More than a third of Saudi establishments were using artificial intelligence by 2025, the General Authority for Statistics (GASTAT) said in its latest survey on ICT usage.
The information and communications sector led the pack, with a 61.1% AI adoption rate. Financial and insurance activities came next at 52.9%, followed by education at 51%. That means two out of three finance-sector firms in the Kingdom have some form of AI in their operations.
The GASTAT survey measures the share of establishments using AI technologies to carry out their activities. The 2025 reading of 33.1% compares with a 2024 figure that GASTAT did not release in the same format, so the trend line is unclear. The 2025 number itself is high enough to shift the conversation around Saudi Arabia's tech adoption curve.
The sector split shows where the real demand is. ICT is a natural leader, and education has been a government priority for years. The finance sector's 52.9% adoption is the more telling data point, given the regulatory scrutiny and data-sensitivity requirements that banks and insurers face.

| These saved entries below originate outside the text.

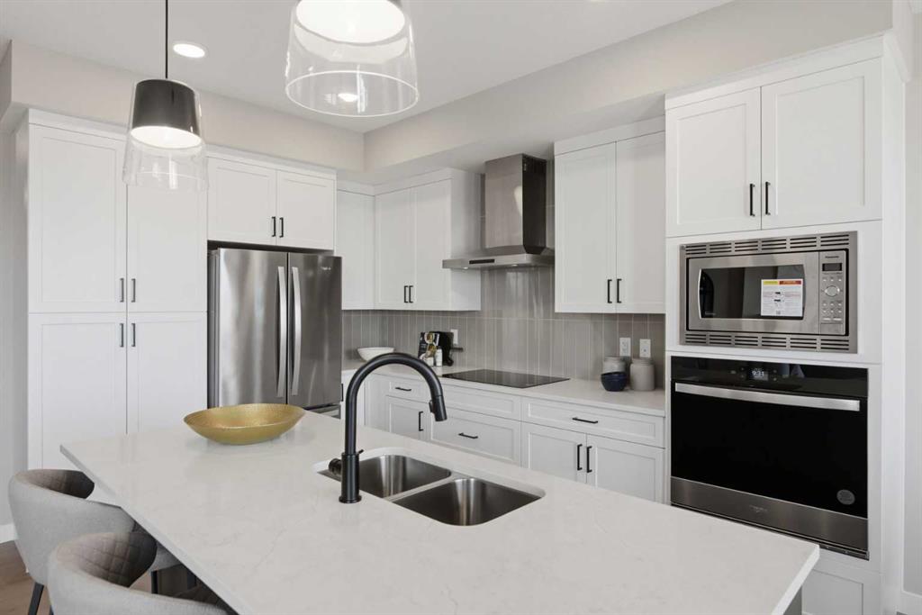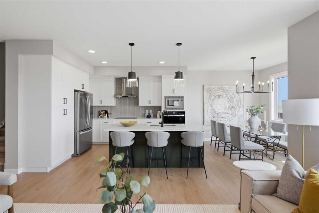 2,028 SQ.FT. | 3+1-BED | 3-BATH | GOURMET KITCHEN | SEPARATE ENTRANCE | HARDIE BOARD SIDING | DECK | FRONT LANDSCAPING | This MOVE-IN-READY home by Crystal Creek Homes combines OPEN, LIGHT-FILLED living with thoughtful design. The MAIN FLOOR features a GREAT ROOM with FIREPLACE and a GOURMET KITCHEN with full-height cabinetry, quartz countertops, wall oven, and a LARGE ISLAND that’s perfect for gathering. A FLEX ROOM beside a FULL BATH works well for guests or as a MAIN FLOOR BEDROOM. Upstairs, 3 bedrooms include a spacious PRIMARY SUITE with a SPA-INSPIRED ENSUITE, along with a bonus room and laundry for convenience. The 9′ BASEMENT with SEPARATE ENTRANCE offers future legal suite potential (subject to City approval & permitting). A rear deck and front landscaping is included. Belvedere offers quick access to Stoney Trail, East Hills Shopping Centre, and planned parks and schools. This home professionally curated and includes a NEW HOME WARRANTY for your peace of mind. Move in before the school year begins – book your showing today.
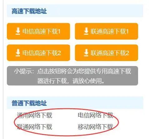 接下来我们会来到下图界面,我们应找到“普通下载地址”、“其他下载地址”类,远离“高速”、“下载器”字样 ,发现“电信”“联通”“移动”即可随意点击其一以完成下载。
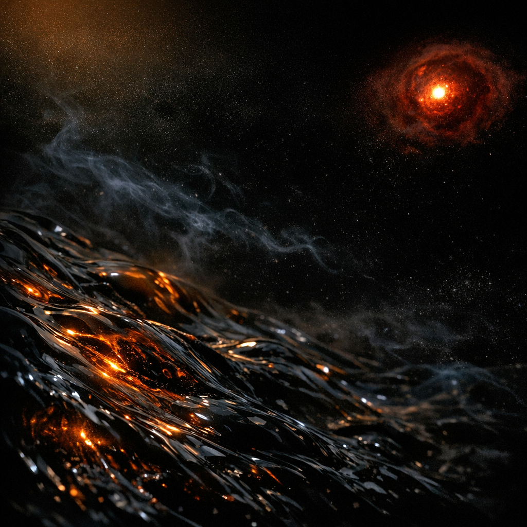 I set out to visualize the oppressive paradox of a cosmic void: a place that should be nothing, yet overwhelms the outward senses with infinite, featureless depth. Here I let the faint amber afterglow of ancient cosmic rays stain the void’s darkness, contrasting against icy quantum wisps—entities barely flickering at the threshold of existence. This image investigates whether emptiness, when given texture but no structure, can induce the same vertigo and nauseating calm as staring from the brink of comprehension into sheer, formless infinity.
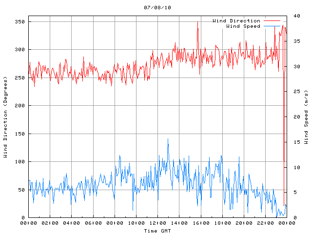 - Max Wind Speed: 15.7 ms-1 Time: 12:57:10 GMT
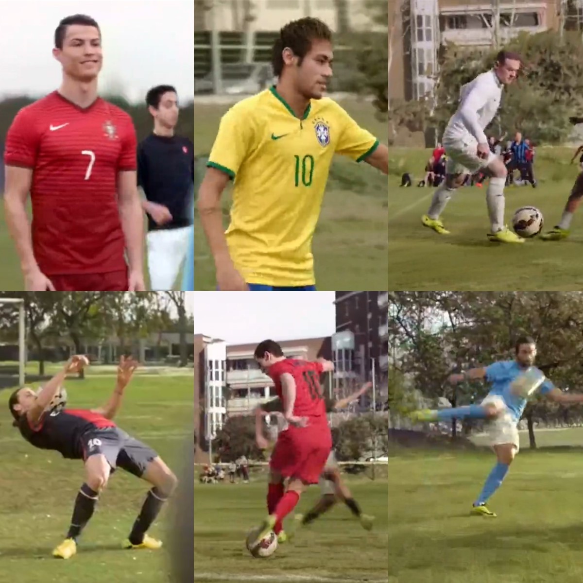 2014年,Nike发布了【RISK EVERYTING 博上一切】广告三部曲,其中第二部我最喜欢,【Winners Stay - 赢家留下】。两队青少年为了争夺球场而进行比拼。他们只要喊出球星的名字,自己就能变成那个球星。一方的队长首先变成了C罗,另一方则变身为内马尔。C罗率先脚后跟传球,接着,出现了接球、过人、射门一气呵成的鲁尼,低空胸部停球的伊布,凌空射门的伊瓜因,左右脚交叉过人的阿扎尔。

If Saudi financial firms are pushing AI at that rate, the question becomes how the infrastructure holds up and where the bottlenecks hit.
A 61% penetration in ICT means the supply side is ready to build, integrate, and maintain AI systems for other sectors. That is a multiplier effect. A company that builds an AI tool in Riyadh does not serve only the local bank, it serves the regional education provider and the logistics firm down the street.
The education sector number, at 51%, is notable because public school systems globally have been slow to adopt AI outside administrative tasks. Saudi Arabia might be running ahead of that trend, though the survey does not break down the use case, leaving open the question of whether that means classroom tools or registrar automation.
For anyone tracking the Saudi market, the GASTAT data suggests the kingdom's AI push is not a pilot program or a handful of flagship projects. It is a broad-based deployment across the regulated and service sectors that form the backbone of any modern economy.